Data extracted from a collection:
= Beginning of Section =
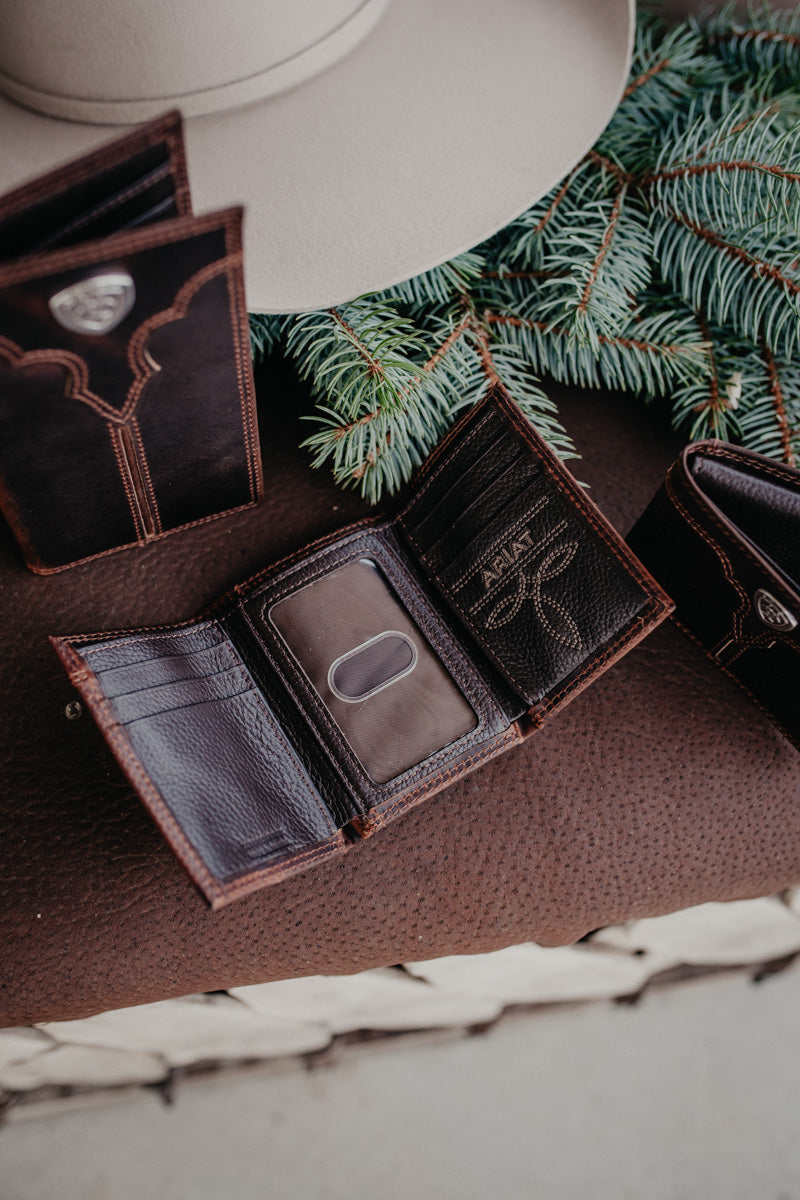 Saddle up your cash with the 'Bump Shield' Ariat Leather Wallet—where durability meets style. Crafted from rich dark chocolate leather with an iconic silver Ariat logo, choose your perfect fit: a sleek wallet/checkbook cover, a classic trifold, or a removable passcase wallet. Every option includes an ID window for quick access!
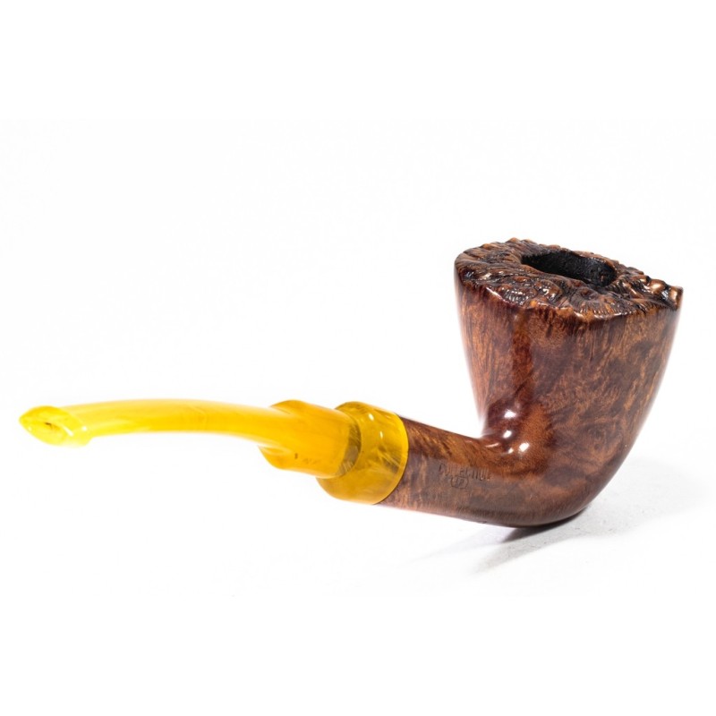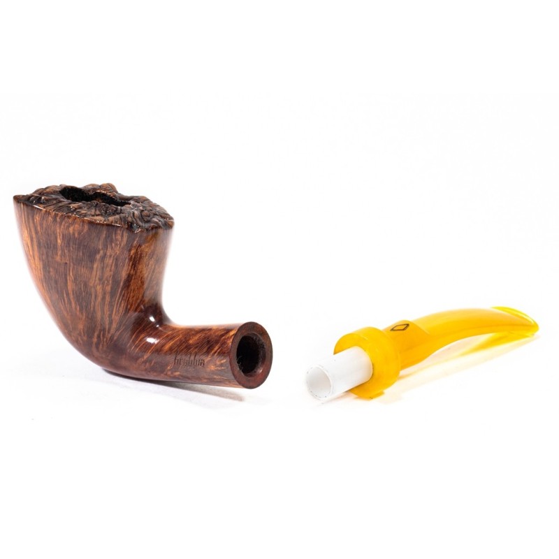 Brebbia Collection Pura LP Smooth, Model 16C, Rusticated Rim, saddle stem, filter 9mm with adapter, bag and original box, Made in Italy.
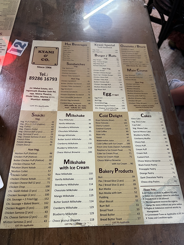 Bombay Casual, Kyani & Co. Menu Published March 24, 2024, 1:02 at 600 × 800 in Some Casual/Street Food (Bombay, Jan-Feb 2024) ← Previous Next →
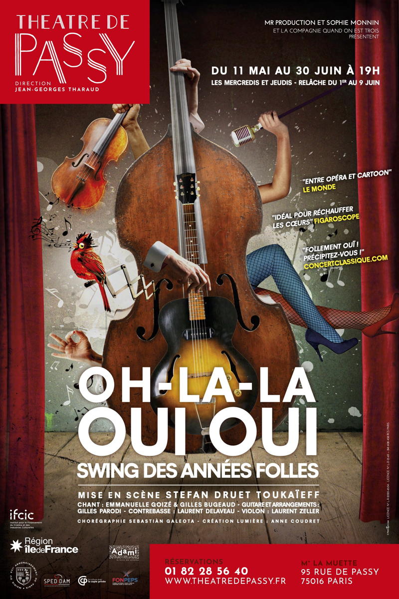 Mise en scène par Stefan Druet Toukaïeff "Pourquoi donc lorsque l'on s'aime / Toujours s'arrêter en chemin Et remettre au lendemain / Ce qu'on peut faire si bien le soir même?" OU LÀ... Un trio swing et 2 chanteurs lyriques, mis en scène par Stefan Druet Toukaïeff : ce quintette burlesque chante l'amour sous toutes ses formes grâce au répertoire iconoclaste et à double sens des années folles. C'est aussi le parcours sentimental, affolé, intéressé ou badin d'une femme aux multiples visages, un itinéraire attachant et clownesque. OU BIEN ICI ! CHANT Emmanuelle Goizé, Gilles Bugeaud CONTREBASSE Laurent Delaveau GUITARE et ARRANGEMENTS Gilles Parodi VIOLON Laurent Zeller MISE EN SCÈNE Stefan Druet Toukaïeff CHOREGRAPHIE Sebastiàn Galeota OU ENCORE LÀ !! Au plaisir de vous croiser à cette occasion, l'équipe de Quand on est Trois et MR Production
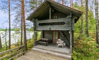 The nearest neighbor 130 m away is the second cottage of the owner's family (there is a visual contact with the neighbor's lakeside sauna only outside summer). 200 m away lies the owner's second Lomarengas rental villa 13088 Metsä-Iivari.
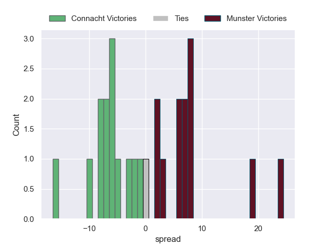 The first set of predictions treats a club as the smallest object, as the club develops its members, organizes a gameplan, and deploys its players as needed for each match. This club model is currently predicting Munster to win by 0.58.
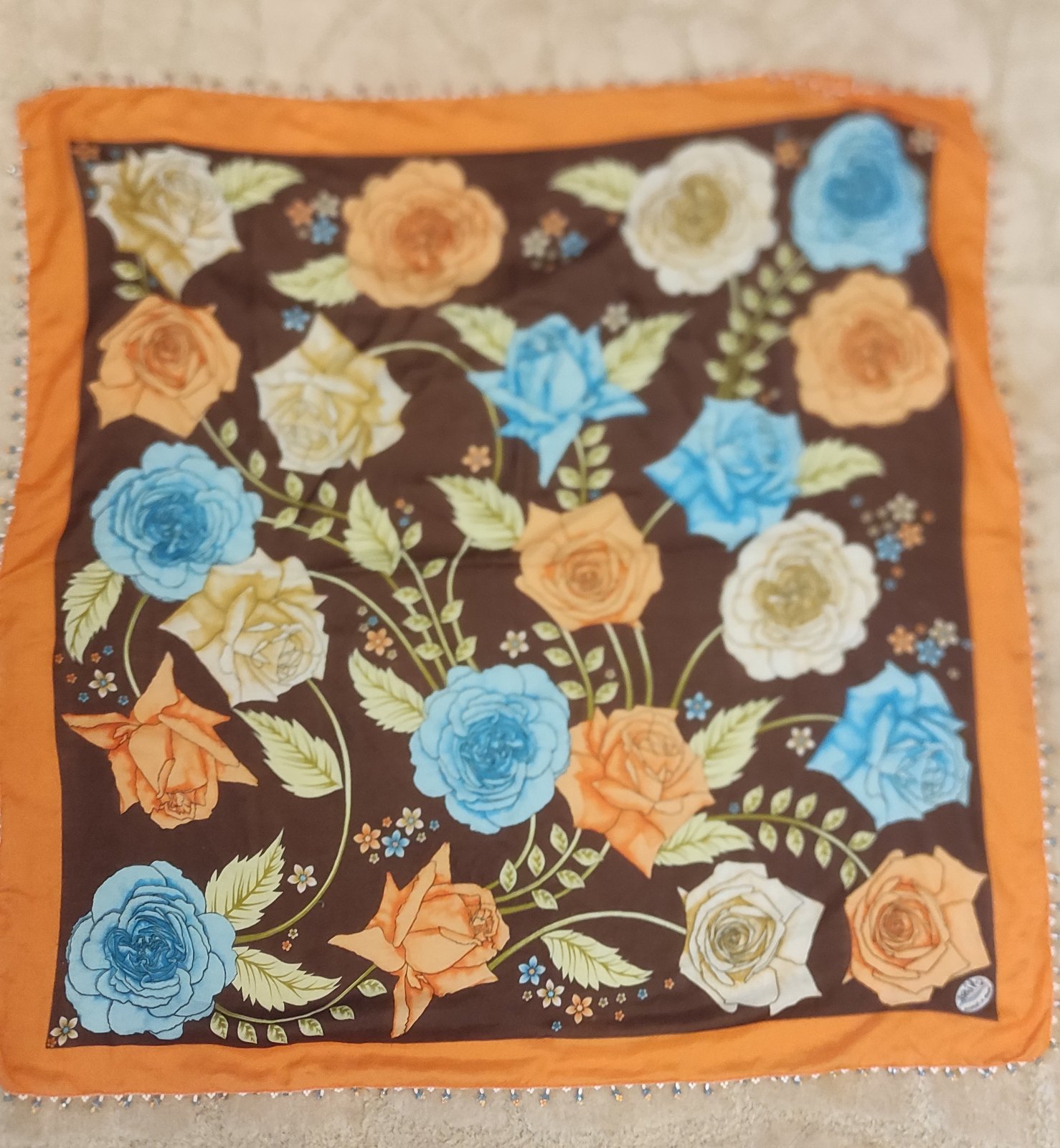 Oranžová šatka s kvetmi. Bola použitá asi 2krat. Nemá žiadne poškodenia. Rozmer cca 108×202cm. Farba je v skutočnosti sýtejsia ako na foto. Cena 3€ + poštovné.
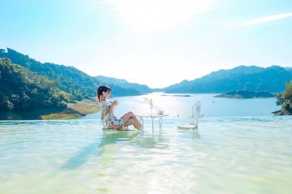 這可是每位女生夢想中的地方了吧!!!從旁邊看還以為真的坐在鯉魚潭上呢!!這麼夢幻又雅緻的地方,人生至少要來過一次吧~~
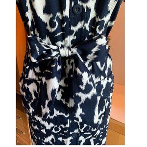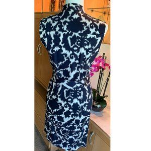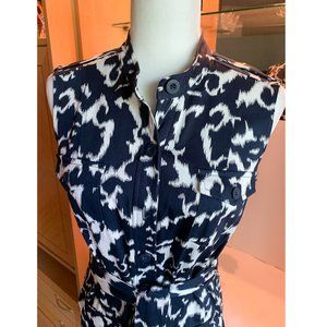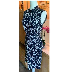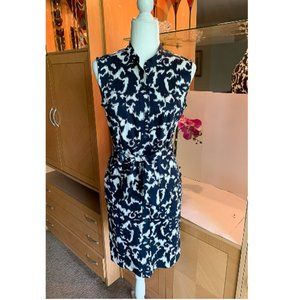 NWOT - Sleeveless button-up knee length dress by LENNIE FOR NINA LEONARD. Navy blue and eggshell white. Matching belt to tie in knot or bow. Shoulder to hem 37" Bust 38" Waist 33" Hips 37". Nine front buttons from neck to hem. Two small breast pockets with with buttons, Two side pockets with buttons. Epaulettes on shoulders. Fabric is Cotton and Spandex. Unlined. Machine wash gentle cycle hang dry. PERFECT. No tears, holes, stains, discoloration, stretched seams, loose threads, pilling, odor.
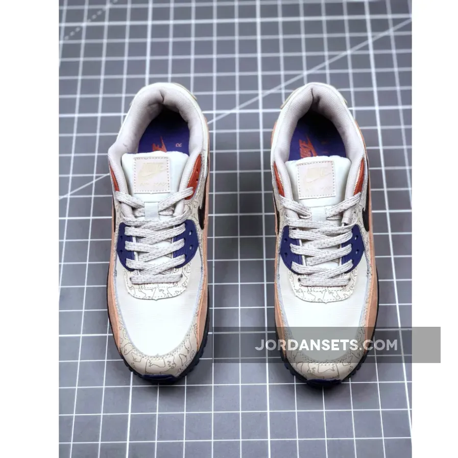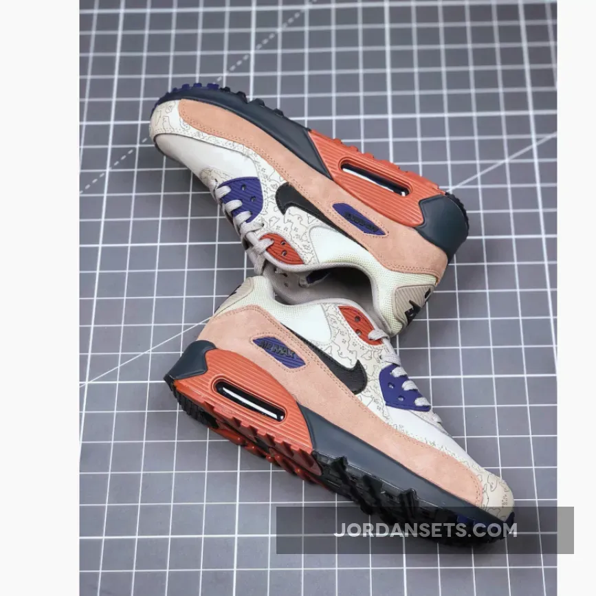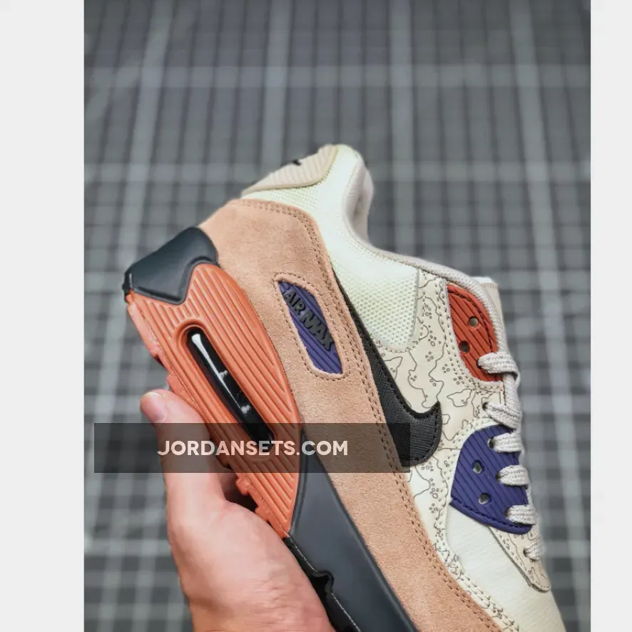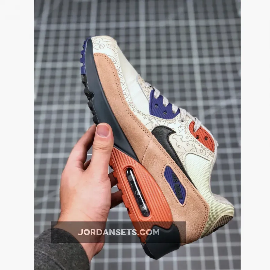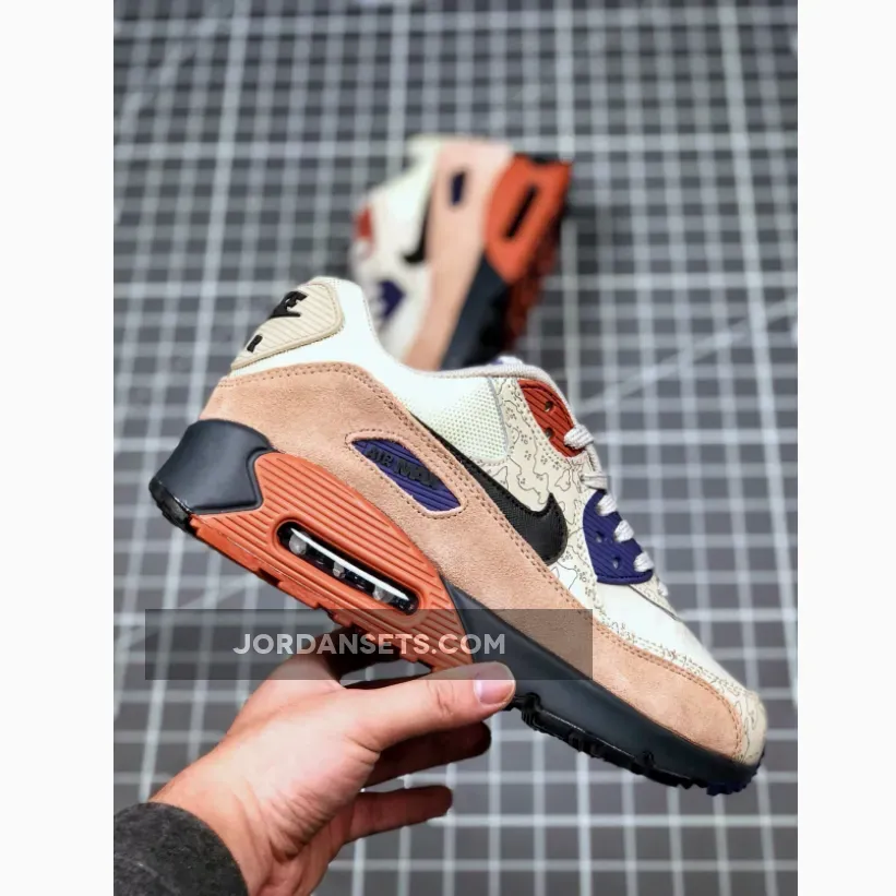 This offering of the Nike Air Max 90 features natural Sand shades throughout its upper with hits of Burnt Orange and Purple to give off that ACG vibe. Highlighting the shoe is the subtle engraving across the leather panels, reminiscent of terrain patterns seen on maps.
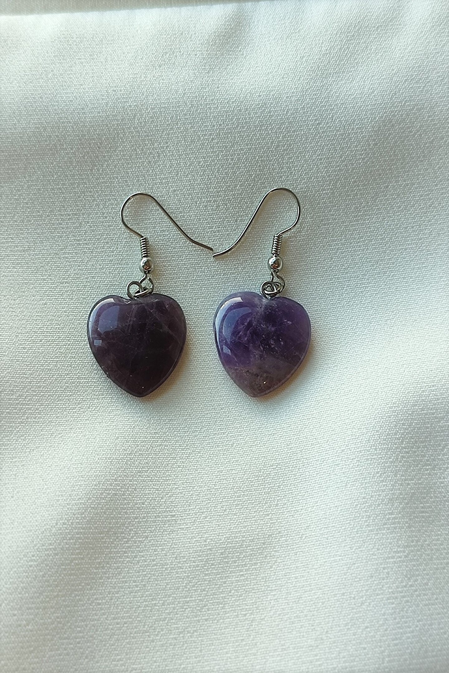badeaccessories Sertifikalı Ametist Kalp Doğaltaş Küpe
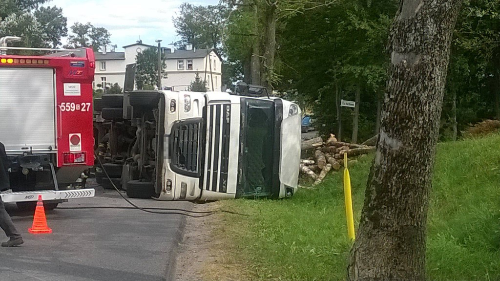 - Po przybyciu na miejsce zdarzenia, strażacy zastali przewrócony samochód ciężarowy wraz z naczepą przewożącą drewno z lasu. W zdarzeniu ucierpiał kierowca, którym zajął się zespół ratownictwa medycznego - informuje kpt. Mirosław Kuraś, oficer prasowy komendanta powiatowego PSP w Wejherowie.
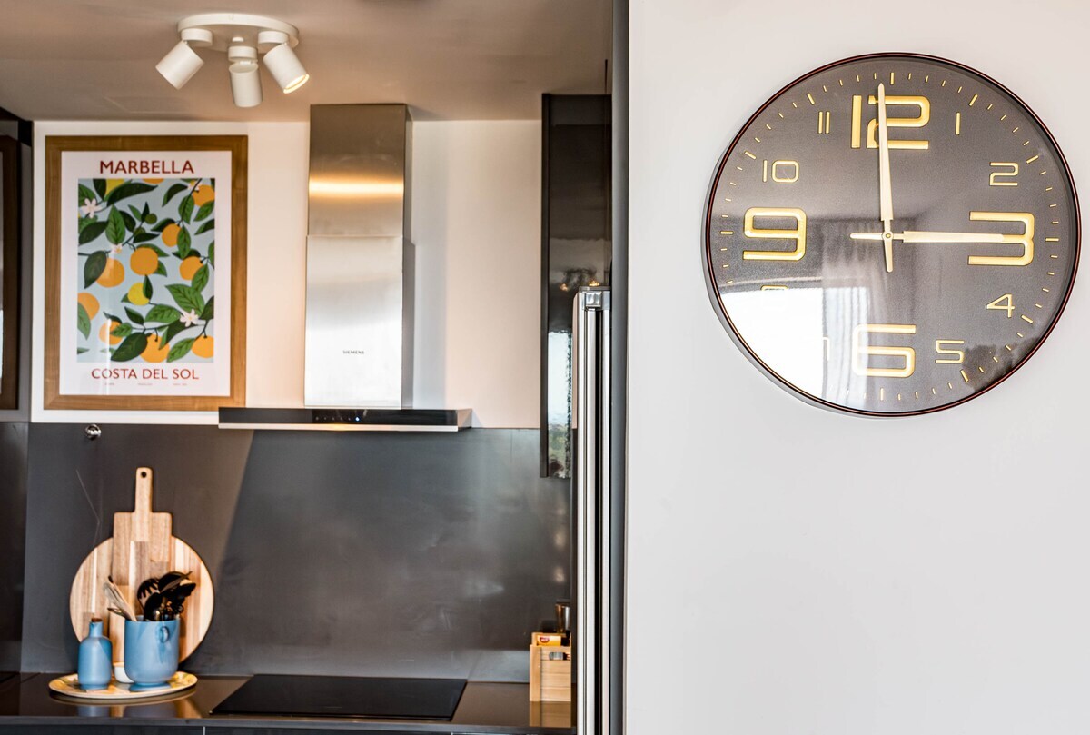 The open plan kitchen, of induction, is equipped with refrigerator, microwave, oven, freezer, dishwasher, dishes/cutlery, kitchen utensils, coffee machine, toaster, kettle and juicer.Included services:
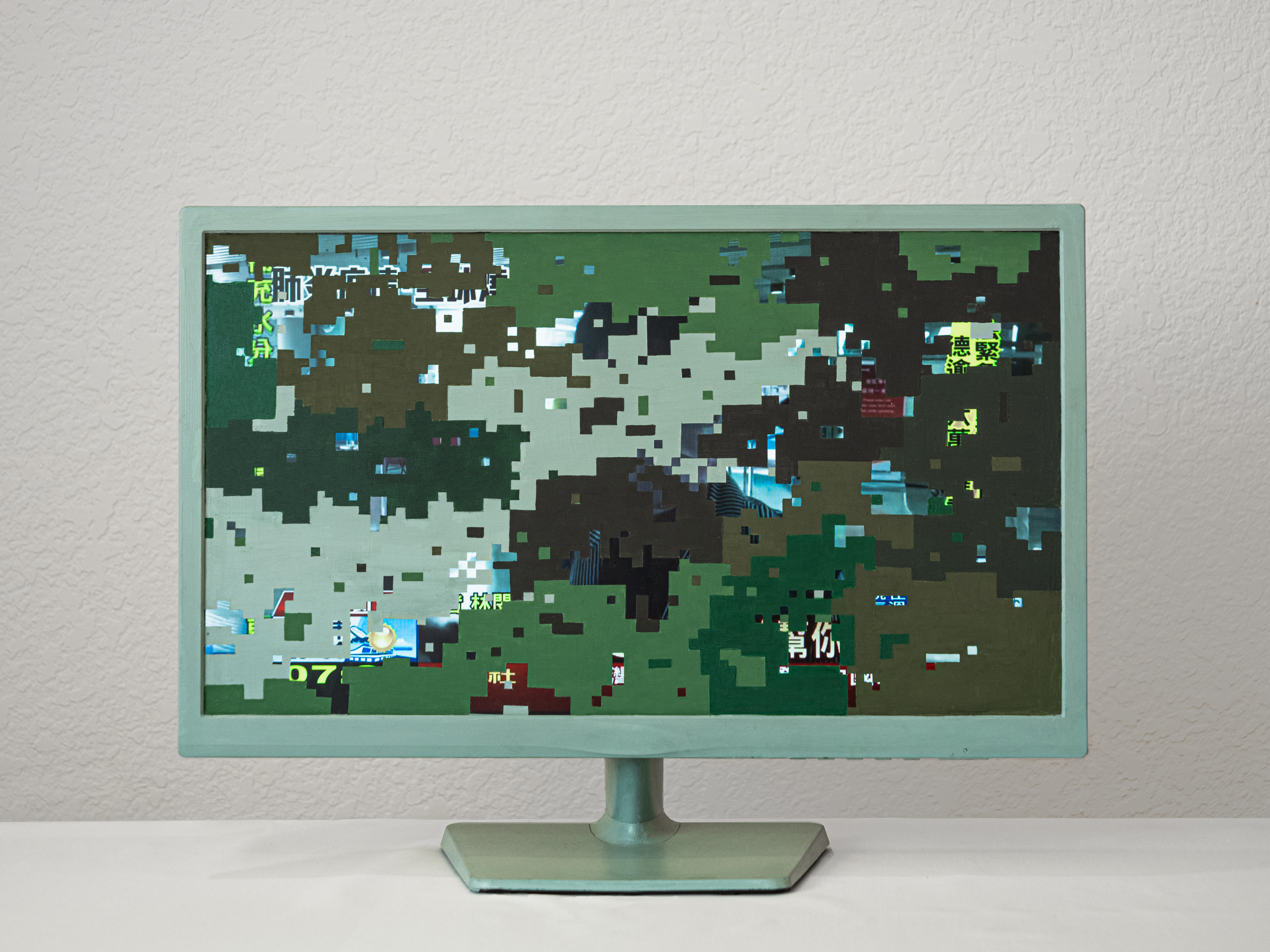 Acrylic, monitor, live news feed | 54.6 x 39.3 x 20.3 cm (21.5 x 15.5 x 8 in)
= End of Section =
WORK REQUIRED
Repeat all of the entries above exactly. Keep pictures out of it.

YOUR SOLUTION
 Saddle up your cash with the 'Bump Shield' Ariat Leather Wallet—where durability meets style. Crafted from rich dark chocolate leather with an iconic silver Ariat logo, choose your perfect fit: a sleek wallet/checkbook cover, a classic trifold, or a removable passcase wallet. Every option includes an ID window for quick access!
 Brebbia Collection Pura LP Smooth, Model 16C, Rusticated Rim, saddle stem, filter 9mm with adapter, bag and original box, Made in Italy.
 Bombay Casual, Kyani & Co. Menu Published March 24, 2024, 1:02 at 600 × 800 in Some Casual/Street Food (Bombay, Jan-Feb 2024) ← Previous Next →
 Mise en scène par Stefan Druet Toukaïeff "Pourquoi donc lorsque l'on s'aime / Toujours s'arrêter en chemin Et remettre au lendemain / Ce qu'on peut faire si bien le soir même?" OU LÀ... Un trio swing et 2 chanteurs lyriques, mis en scène par Stefan Druet Toukaïeff : ce quintette burlesque chante l'amour sous toutes ses formes grâce au répertoire iconoclaste et à double sens des années folles. C'est aussi le parcours sentimental, affolé, intéressé ou badin d'une femme aux multiples visages, un itinéraire attachant et clownesque. OU BIEN ICI ! CHANT Emmanuelle Goizé, Gilles Bugeaud CONTREBASSE Laurent Delaveau GUITARE et ARRANGEMENTS Gilles Parodi VIOLON Laurent Zeller MISE EN SCÈNE Stefan Druet Toukaïeff CHOREGRAPHIE Sebastiàn Galeota OU ENCORE LÀ !! Au plaisir de vous croiser à cette occasion, l'équipe de Quand on est Trois et MR Production
 The nearest neighbor 130 m away is the second cottage of the owner's family (there is a visual contact with the neighbor's lakeside sauna only outside summer). 200 m away lies the owner's second Lomarengas rental villa 13088 Metsä-Iivari.
 The first set of predictions treats a club as the smallest object, as the club develops its members, organizes a gameplan, and deploys its players as needed for each match. This club model is currently predicting Munster to win by 0.58.
 Oranžová šatka s kvetmi. Bola použitá asi 2krat. Nemá žiadne poškodenia. Rozmer cca 108×202cm. Farba je v skutočnosti sýtejsia ako na foto. Cena 3€ + poštovné.
 這可是每位女生夢想中的地方了吧!!!從旁邊看還以為真的坐在鯉魚潭上呢!!這麼夢幻又雅緻的地方,人生至少要來過一次吧~~
 NWOT - Sleeveless button-up knee length dress by LENNIE FOR NINA LEONARD. Navy blue and eggshell white. Matching belt to tie in knot or bow. Shoulder to hem 37" Bust 38" Waist 33" Hips 37". Nine front buttons from neck to hem. Two small breast pockets with with buttons, Two side pockets with buttons. Epaulettes on shoulders. Fabric is Cotton and Spandex. Unlined. Machine wash gentle cycle hang dry. PERFECT. No tears, holes, stains, discoloration, stretched seams, loose threads, pilling, odor.
 This offering of the Nike Air Max 90 features natural Sand shades throughout its upper with hits of Burnt Orange and Purple to give off that ACG vibe. Highlighting the shoe is the subtle engraving across the leather panels, reminiscent of terrain patterns seen on maps.
badeaccessories Sertifikalı Ametist Kalp Doğaltaş Küpe
 - Po przybyciu na miejsce zdarzenia, strażacy zastali przewrócony samochód ciężarowy wraz z naczepą przewożącą drewno z lasu. W zdarzeniu ucierpiał kierowca, którym zajął się zespół ratownictwa medycznego - informuje kpt. Mirosław Kuraś, oficer prasowy komendanta powiatowego PSP w Wejherowie.
 The open plan kitchen, of induction, is equipped with refrigerator, microwave, oven, freezer, dishwasher, dishes/cutlery, kitchen utensils, coffee machine, toaster, kettle and juicer.Included services:
 Acrylic, monitor, live news feed | 54.6 x 39.3 x 20.3 cm (21.5 x 15.5 x 8 in)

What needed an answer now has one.